El hombre recibió la notificación de la causa, pero no se presentó ni contestó el planteo. El proceso avanzó y se ordenó una pericia genética para establecer si existía vínculo biológico.
El resultado aportó una respuesta concreta. El informe de ADN descartó la paternidad y señaló que los estudios excluyen biológicamente la existencia de ese vínculo. La pericia también determinó que las personas examinadas, aunque compartían vínculo materno, tenían distintos padres biológicos.
A partir de esa prueba, el fallo analizó el derecho a la identidad y el valor del conocimiento del origen biológico. La sentencia sostuvo que ese conocimiento constituye un aspecto central de la identidad personal y recordó que cada persona debe contar con una posibilidad concreta de acceder a esa información.

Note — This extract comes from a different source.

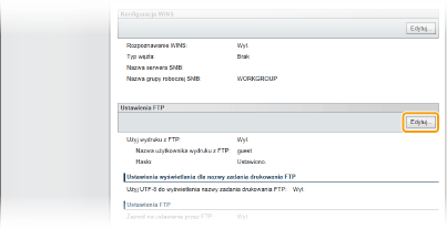 Kliknij element [Edytuj] znajdujący się w sekcji [Ustawienia FTP].

El fallo también repasó doctrina y antecedentes sobre la relevancia de las pruebas genéticas en este tipo de procesos. Con base en las constancias de la causa y en el resultado del estudio de ADN, hizo lugar a la impugnación del reconocimiento paterno y dispuso dejar sin efecto la filiación que figuraba en la documentación de la mujer.
La resolución también abordó el pedido relacionado con el apellido. La mujer solicitó su modificación y el hombre no formuló oposición. En esa instancia se aceptó el planteo y se ordenó comunicar la decisión al Registro Civil para que efectuara la inscripción de acuerdo con lo establecido en la sentencia.